Gordon Derek, Londono Douglas, Patel Payal, Kim Wonkuk, Finch Stephen J, Heiman Gary A
Department of Genetics, The State University of New Jersey, Piscataway, NJ, USA.
Hum Hered. 2016;81(4):194-209. doi: 10.1159/000457135. Epub 2017 Mar 18.
Our motivation here is to calculate the power of 3 statistical tests used when there are genetic traits that operate under a pleiotropic mode of inheritance and when qualitative phenotypes are defined by use of thresholds for the multiple quantitative phenotypes. Specifically, we formulate a multivariate function that provides the probability that an individual has a vector of specific quantitative trait values conditional on having a risk locus genotype, and we apply thresholds to define qualitative phenotypes (affected, unaffected) and compute penetrances and conditional genotype frequencies based on the multivariate function. We extend the analytic power and minimum-sample-size-necessary (MSSN) formulas for 2 categorical data-based tests (genotype, linear trend test [LTT]) of genetic association to the pleiotropic model. We further compare the MSSN of the genotype test and the LTT with that of a multivariate ANOVA (Pillai). We approximate the MSSN for statistics by linear models using a factorial design and ANOVA. With ANOVA decomposition, we determine which factors most significantly change the power/MSSN for all statistics. Finally, we determine which test statistics have the smallest MSSN. In this work, MSSN calculations are for 2 traits (bivariate distributions) only (for illustrative purposes).
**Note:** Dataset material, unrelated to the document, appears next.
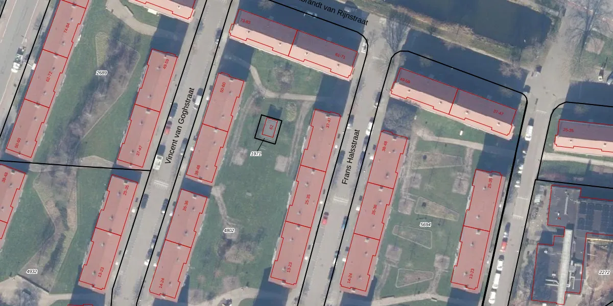 Het perceel waarop Frans Halsstraat 41 staat heeft een oppervlakte van 6067 m². Dit is een zeer groot perceel. De perceeloppervlakte wordt geregistreerd door het Kadaster. Gedetailleerde informatie over de maten van dit perceel kunt u vinden in het rapport Kadastrale kaart met maatvoering van Frans Halsstraat 41.

We note that the calculations may be extended to address any number of traits. Our key findings are that the genotype test usually has lower MSSN requirements than the LTT. More inclusive thresholds (top/bottom 25% vs. top/bottom 10%) have higher sample size requirements. The Pillai test has a much larger MSSN than both the genotype test and the LTT, as a result of sample selection. With these formulas, researchers can specify how many subjects they must collect to localize genes for pleiotropic phenotypes.
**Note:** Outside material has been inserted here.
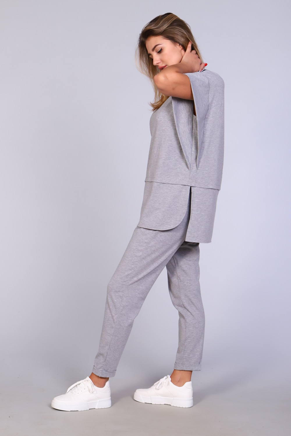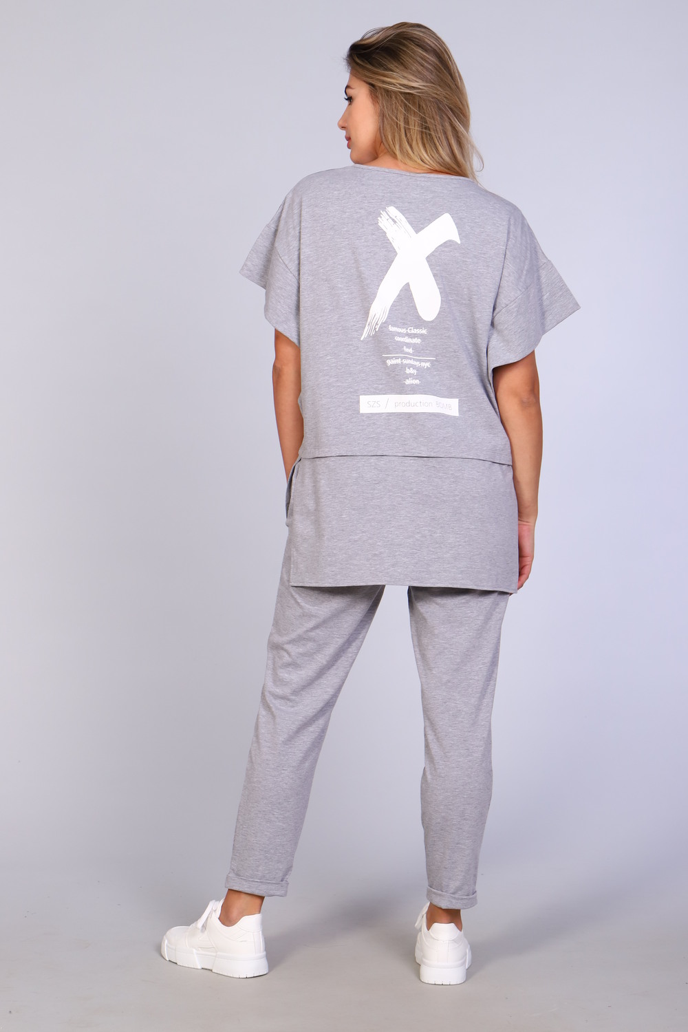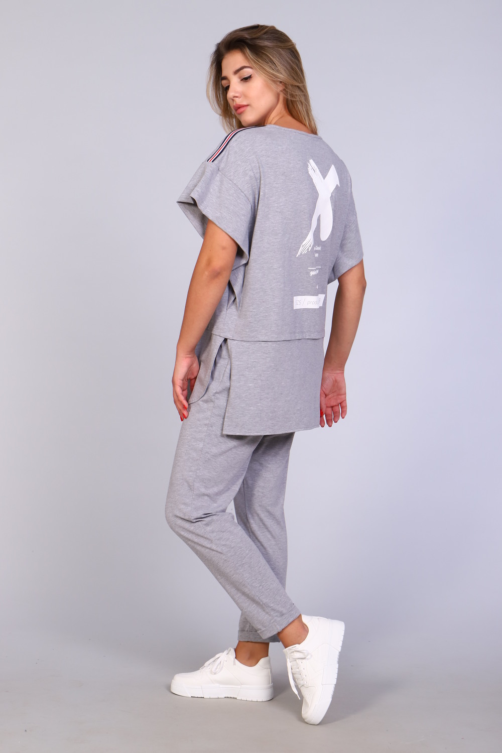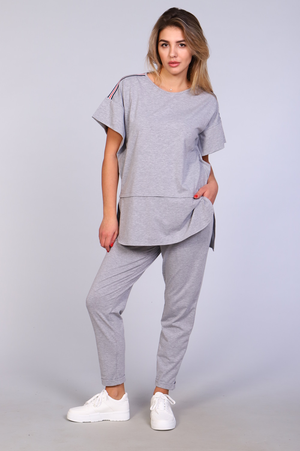 Костюм женский с зауженными брюками с подворотами, на резинке и свободной удлиненной футболкой с боковыми разрезами по бокам. Модель выполнена из премиального кулирного волокна с лайкрой.

我们这里的动机是计算三种统计检验的效能,这些检验用于存在以多效性遗传模式起作用的遗传性状,以及通过对多个数量性状使用阈值来定义定性表型的情况。具体而言,我们构建了一个多变量函数,该函数给出了个体在具有风险基因座基因型的条件下具有特定数量性状值向量的概率,并且我们应用阈值来定义定性表型(患病、未患病),并基于该多变量函数计算外显率和条件基因型频率。我们将基于2个分类数据的遗传关联检验(基因型、线性趋势检验[LTT])的分析效能和所需最小样本量(MSSN)公式扩展到多效性模型。我们进一步将基因型检验和LTT的MSSN与多变量方差分析(Pillai检验)的MSSN进行比较。我们使用析因设计和方差分析通过线性模型来近似统计量的MSSN。通过方差分析分解,我们确定哪些因素对所有统计量的效能/MSSN变化影响最为显著。最后,我们确定哪些检验统计量的MSSN最小。在这项工作中,MSSN计算仅针对2个性状(双变量分布)(用于说明目的)。我们注意到这些计算可以扩展到处理任意数量的性状。我们的主要发现是,基因型检验通常比LTT具有更低的MSSN要求。更具包容性的阈值(顶部/底部25% 与顶部/底部10%)具有更高的样本量要求。由于样本选择的原因,Pillai检验的MSSN比基因型检验和LTT都大得多。利用这些公式,研究人员可以确定他们必须收集多少受试者才能定位多效性表型的基因。